His boss would probably offer the old man a drink if he’d been here. “What’ll you have?” said Brown.
“A pint of mild, lad.”
The response was out almost before Brown had finished asking. He took the glass and put it on the scarred table in front of the man.
The pub was rough; no prettification for tourists or hikers here. It was strictly for old codgers who wanted to drink and maybe exchange the odd remark. Talk about getting blood from a stone. The way the landlord was scrutinising him made the skin on the back of his neck itch. Whatever he said or did would be sneered at.
“Never wish your life away,” was one of his mother’s saying, but at the moment it would have been good to have another fifteen years and a bit of authority behind him.
Even that probably wouldn’t have got him anywhere with the old man, who told them his name was Ted Prentice. He did a lot of squinting and grimacing, but had little to say and virtually nothing that was of any use to them.
“Grand fella, Sean. Wrote poetry, aye.” He nodded his head and supped at his pint—a good swallow.
“And did he come in here often?” The landlord had gone out the back, thank God so Brown could concentrate. For all the good it was doing him.
“Aye, most days, I’d say, grand fella. Used to buy me a pint sometimes.” He gave a look at the diminishing pint.
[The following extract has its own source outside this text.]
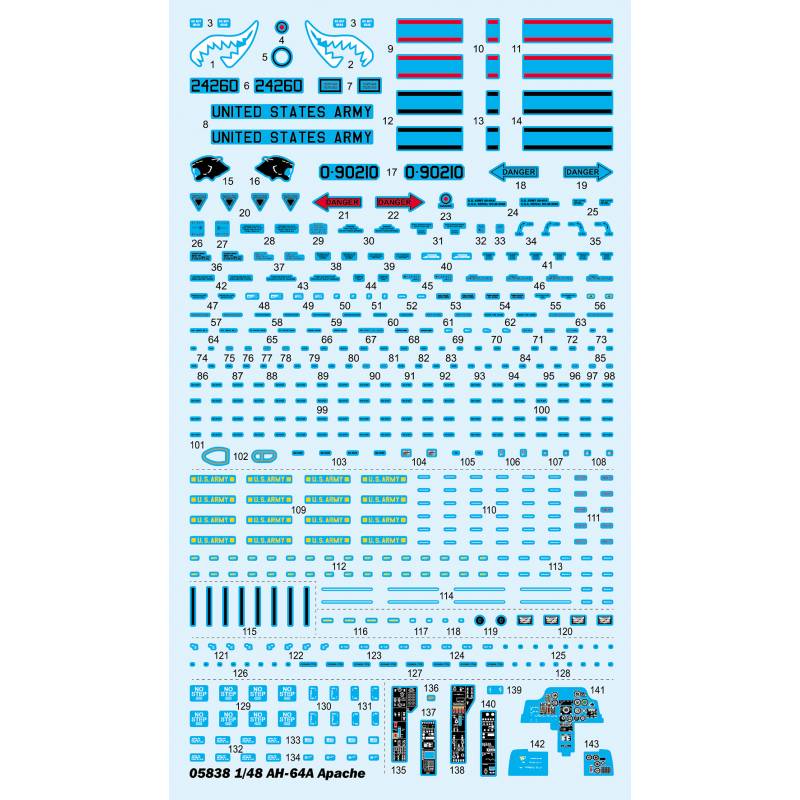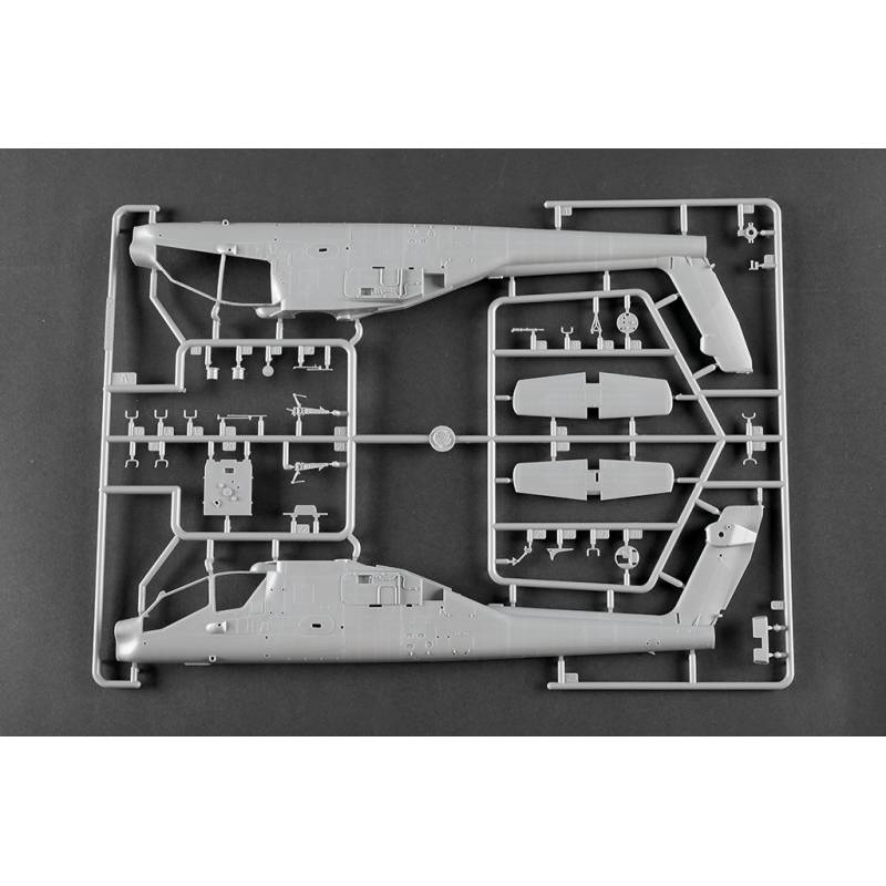 Ce kit Trumpeter au 1/48 restitue fidèlement la version AH-64A avec un haut niveau de précision :

Brown ignored the hint.
“Did he ever have company, ever come in with anybody?”
Ted lifted his tweed cap off his head and scratched at his scalp. “Come in with anybody? No, don’t think so. He were a grand chap, though, used to buy me a pint sometimes.”
Robinson went to the counter—obviously in an attempt to move things on and ordered two more shandies, paying out of his own pocket. Brown would never have taken the initiative like that even though Inspector Greene often told him he should. Robinson had no such qualms. Was that a good thing, or not?